2. The New Tool: The "Physics-Savvy" AI

The authors introduce a new type of Artificial Intelligence called a Physics-Informed Neural Network (PINN).

Think of a standard AI as a student who has only seen pictures of cats and dogs. If you show it a picture of a tiger, it might guess "cat" because it looks similar.

• The PINN Student: This student has also studied the laws of nature. They know that air can't just teleport from one side of the room to the other, and that heat moves in specific ways.
• How it works: Instead of just trying to match the shadows (the data), this AI is forced to obey the Navier-Stokes equations (the fundamental laws of how fluids move). It's like telling the AI: "You can guess the shape, but if your guess breaks the laws of physics, you get a failing grade."

3. The Big Leap: Direct vs. Post-Processing

Before this paper, people used AI to fix blurry images made by old methods.

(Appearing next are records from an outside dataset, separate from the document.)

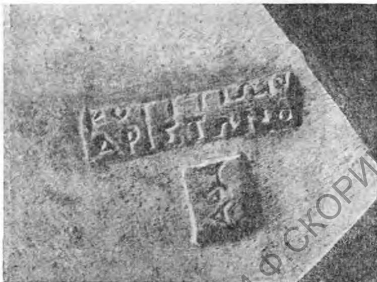
Рис. 3. Черепица херсонесского производства № 5689

Встречается на амфорных ручках (Е. М. Придик, № 854).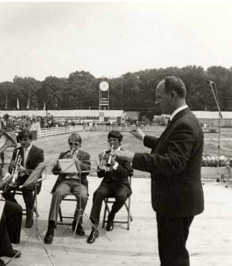
🕒 Velký dechový orchestr, 60. léta 20. století

1974 získává 1. místo v ústředním kole soutěže hudebních škol. V roce 1976 byl pozván na natáčení do Československého rozhlasu v Ostravě a v témže roce absolvoval úspěšný zájezd do německého Halle.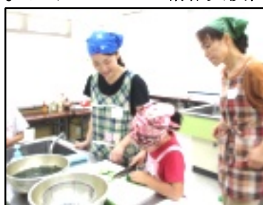
初めて?包丁使って野菜切り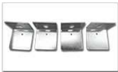
ベースキャップ 4個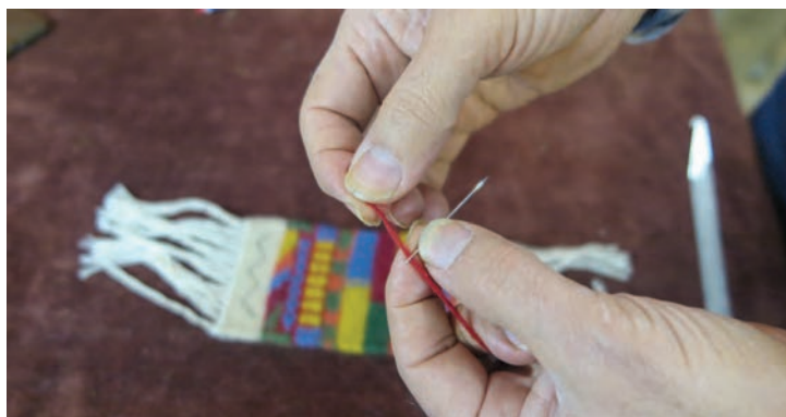
▲ تصویر ۳-۶ نخ کردن سوزن با پود رنگی

۴- چند سوزن را که با پود در رنگ مورد نیاز نخ شده است، آماده می‌کنند.

• The Analogy: Imagine a photographer takes a blurry photo of a car. They use an AI app to sharpen it. The AI is limited by how bad the original photo was.
• This Paper's Method: The authors built the camera inside the AI. They didn't take a blurry photo first and then fix it. Instead, they taught the AI to look at the raw shadows and immediately build the 3D car, ensuring the car obeys the laws of aerodynamics as it's being built.
• The Result: This "Direct Reconstruction" was vastly superior. Even with very few flashlight beams (sparse data) or shaky hands (noisy data), the AI produced a crystal-clear picture of the flow.

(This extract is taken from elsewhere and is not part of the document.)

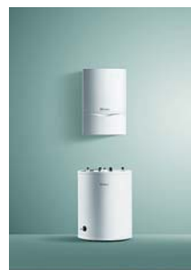
VU + VIH CR

4. The Trap: The "Semi-Convergence" Problem

Here is a tricky part. When the data is noisy (shaky flashlight), the AI starts to learn the noise instead of the real flow.

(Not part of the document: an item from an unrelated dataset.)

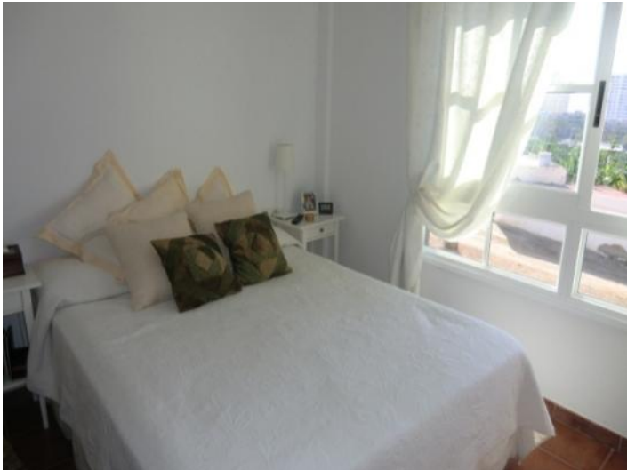
Friendly bedroom with large windows

• The Analogy: Imagine you are trying to learn a song, but there is a lot of static on the radio. At first, you learn the melody correctly. But if you keep listening too long, you start memorizing the static as part of the song. The more you listen, the worse the song sounds.
• The Solution: The authors realized the AI goes through specific "phases" of learning. They found a precise moment to stop the training right before the AI starts memorizing the static. They created a "stop sign" based on how well the AI is obeying the laws of physics. If the physics starts to break, you stop immediately.

5. The Bayesian Twist: Knowing What You Don't Know

The final and most brilliant part of the paper is the Bayesian approach.

• The Problem: Standard AI gives you one answer. "The wind speed is 50 mph." But what if the AI is wrong? How sure is it?
• The Bayesian Solution: Instead of giving one answer, the Bayesian AI (B-PINN) gives you a cloud of possibilities. It says, "I think the wind is 50 mph, but it could be anywhere between 48 and 52, and here is a map showing exactly where I am most unsure."
• Why it matters: In science, knowing how uncertain you are is just as important as the answer itself. This allows scientists to say, "We are 95% confident in this part of the flow, but we need more data for that corner."

Summary

This paper is about teaching a super-smart AI to solve a 3D puzzle using two superpowers:

1. Physics: It refuses to guess anything that breaks the laws of nature.
2. Uncertainty: Instead of just giving a single answer, it tells you how confident it is in that answer.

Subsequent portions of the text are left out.